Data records

● ● ● ●

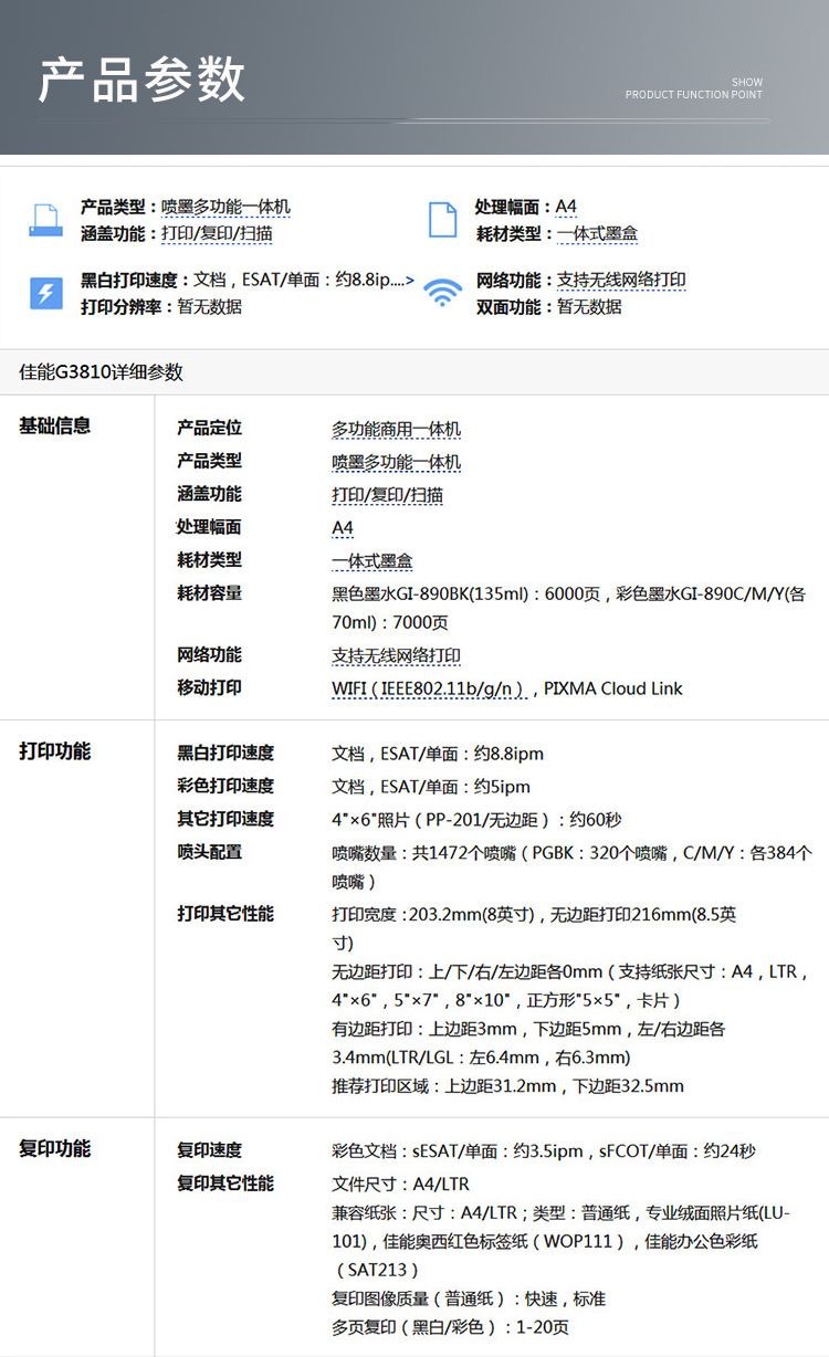 Принтер Canon G3800 с непрерывной подачей чернил, цветной струйный, фото, копирование, сканирование, беспроводной, многофункциональный офисный аппарат
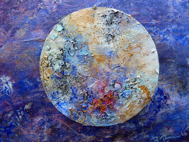 Acrylfarbe, Spachtelmasse, Fixativ, diverse Naturmaterialien
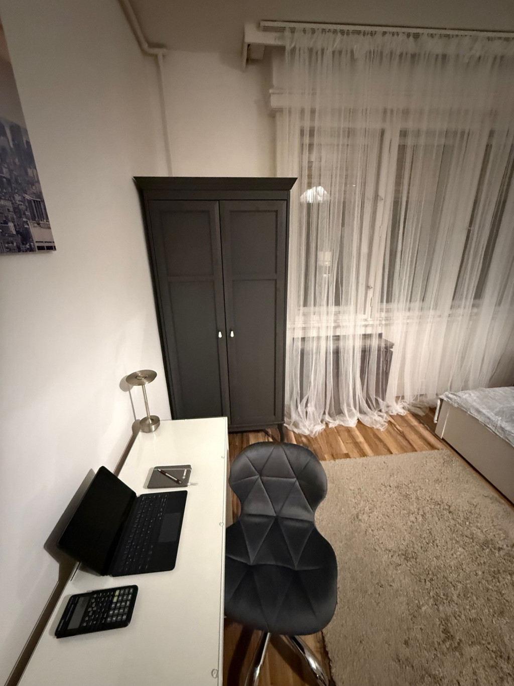Modern bútorok: Andante kanapé, franciaágy, TV, szekrények, íróasztal, étkezőasztal. REDŐNY és 1000 Mbps optikai internet elérhető.
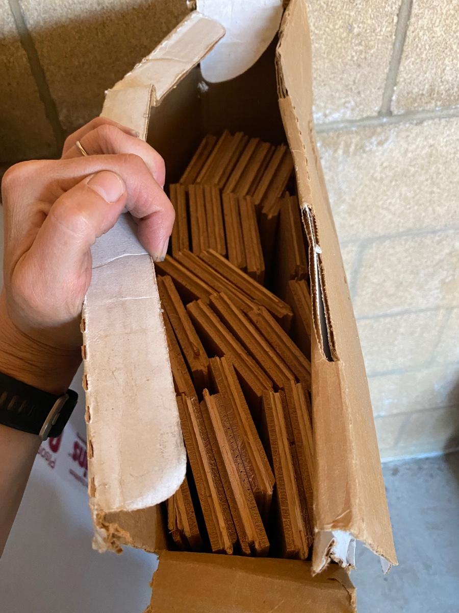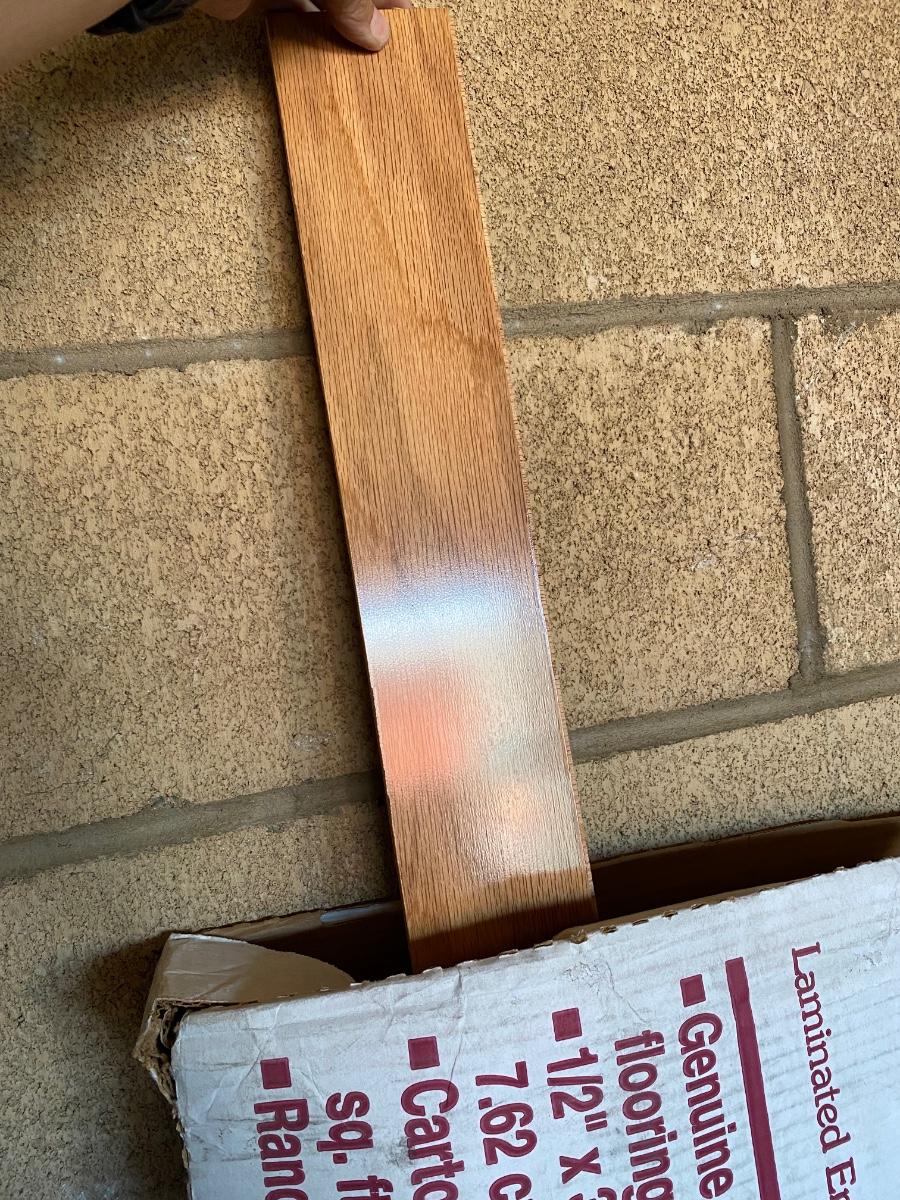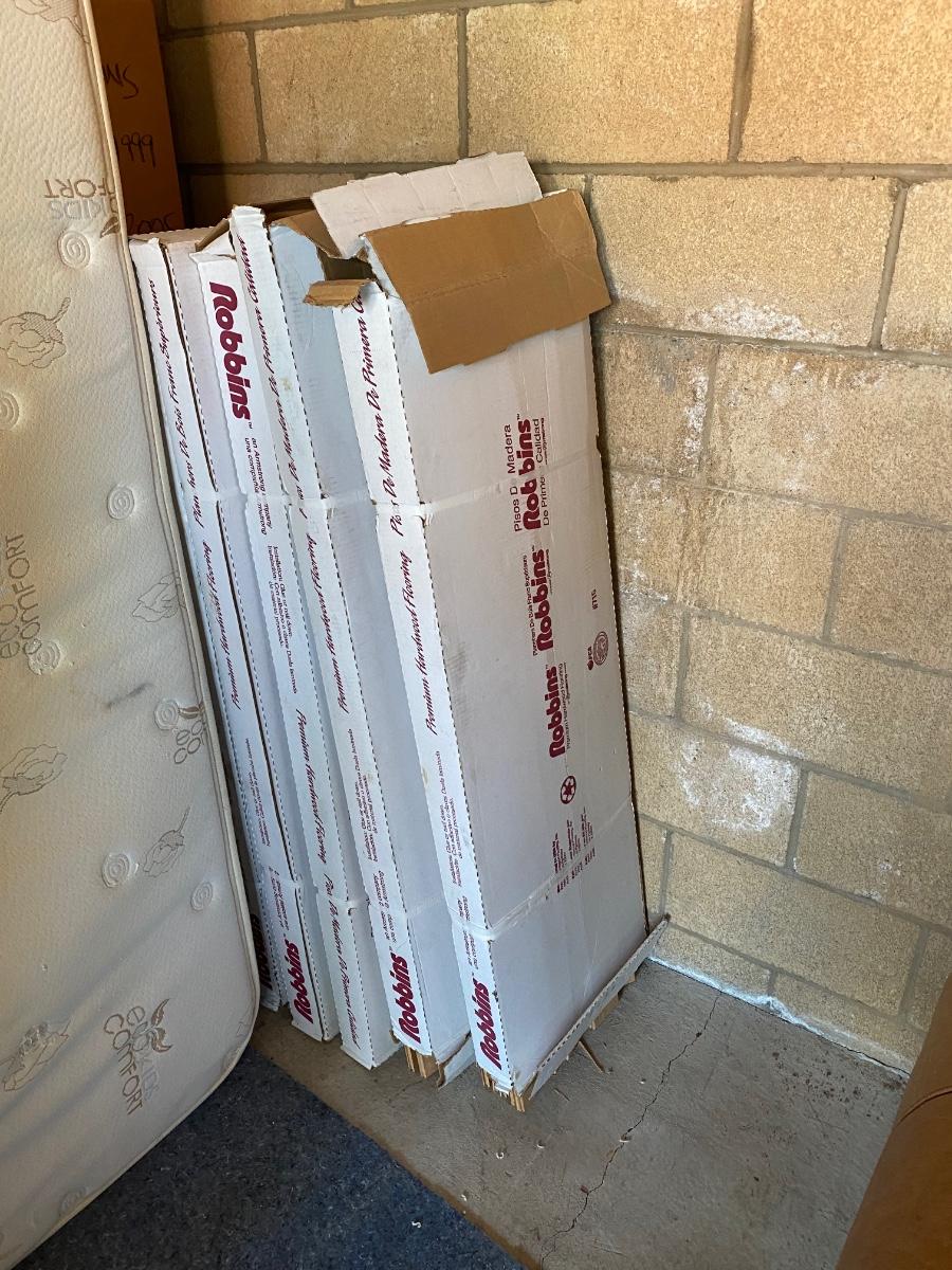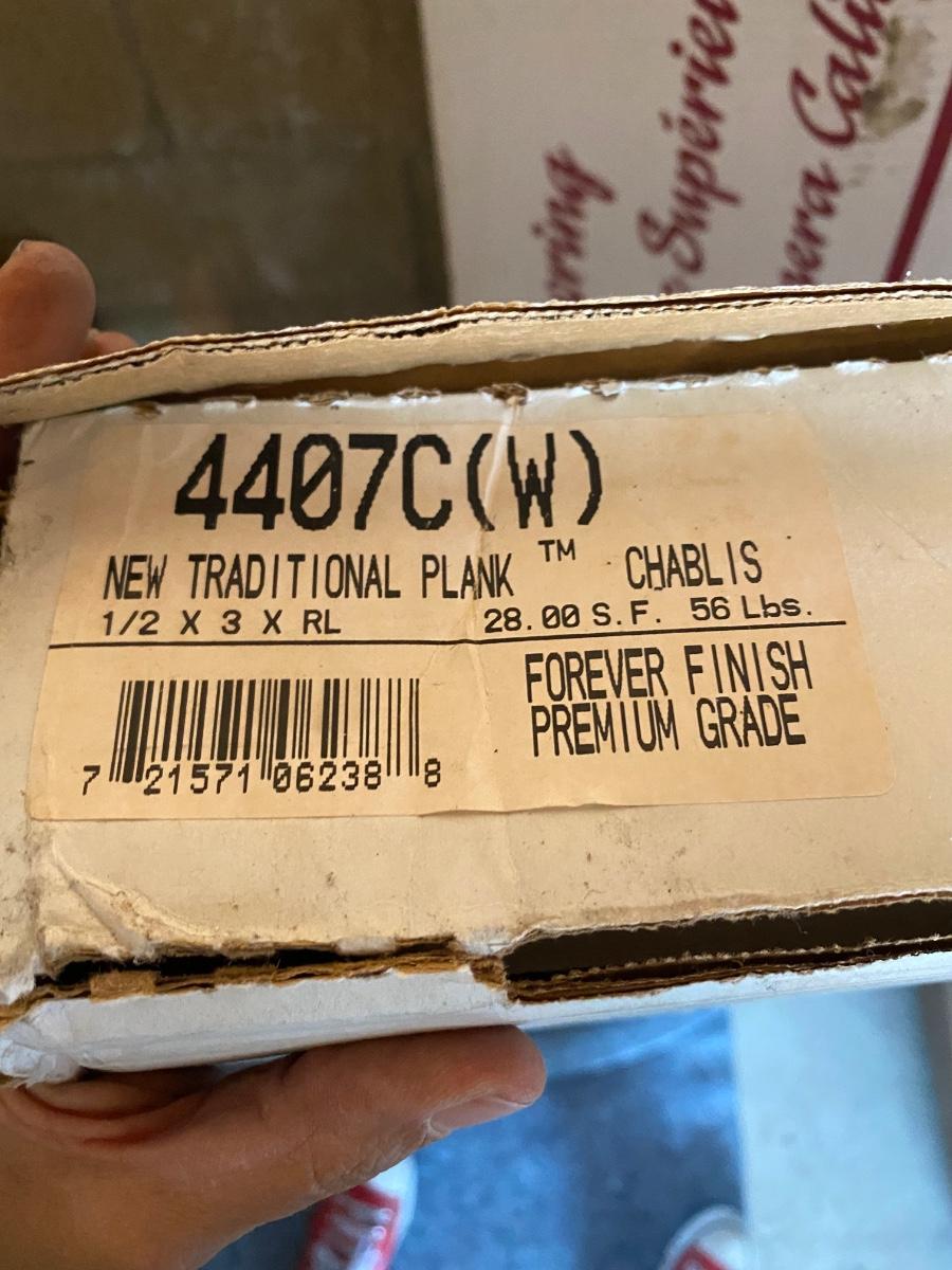 5 Boxes of Robbins New Traditional Laminated Plank Flooring Engineered Oak Light Finish. A couple boxes are open at the end but may still be complete, look full. Each box contains 28 sq. ft according to box. As is. May be discontinued flooring, unsure of age.
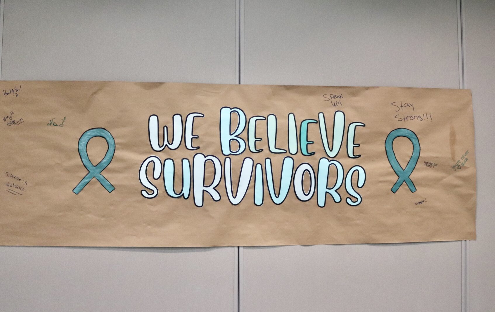 Guests signed a banner that said “We Believe Survivors” created by members of YNET, a student led club at Greenwich High School that is facilitated by the YWCA. The club is dedicated to preventing teen dating violence and promoting healthy relationship education. April 20, 2026 Photo: Leslie Yager
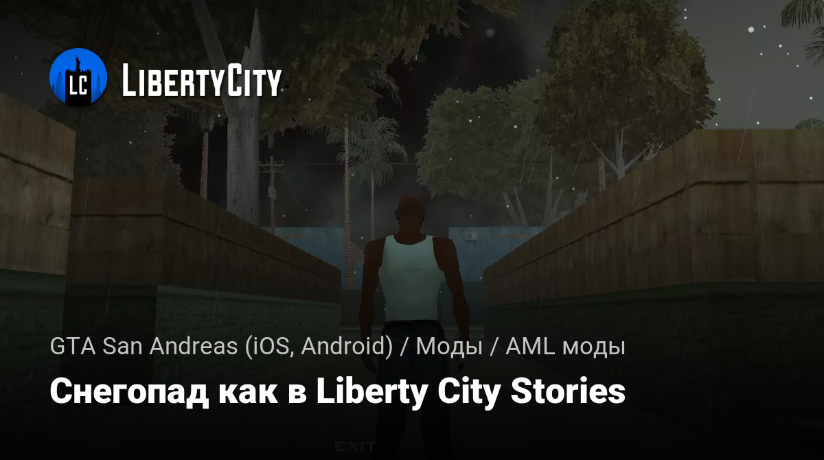 Данный мод добавляет эффект снега из GTA Liberty City Stories в GTA San Andreas. Снег идёт постоянно, поэтому мод не рекомендуется для слабых устройств.

● ● ● ●

■ Problem to work on ■
Every line of the records above should be reproduced exactly, with no pictures included.

■ The answer ■
 Принтер Canon G3800 с непрерывной подачей чернил, цветной струйный, фото, копирование, сканирование, беспроводной, многофункциональный офисный аппарат
 Acrylfarbe, Spachtelmasse, Fixativ, diverse Naturmaterialien
Modern bútorok: Andante kanapé, franciaágy, TV, szekrények, íróasztal, étkezőasztal. REDŐNY és 1000 Mbps optikai internet elérhető.
 5 Boxes of Robbins New Traditional Laminated Plank Flooring Engineered Oak Light Finish. A couple boxes are open at the end but may still be complete, look full. Each box contains 28 sq. ft according to box. As is. May be discontinued flooring, unsure of age.
 Guests signed a banner that said “We Believe Survivors” created by members of YNET, a student led club at Greenwich High School that is facilitated by the YWCA. The club is dedicated to preventing teen dating violence and promoting healthy relationship education. April 20, 2026 Photo: Leslie Yager
 Данный мод добавляет эффект снега из GTA Liberty City Stories в GTA San Andreas. Снег идёт постоянно, поэтому мод не рекомендуется для слабых устройств.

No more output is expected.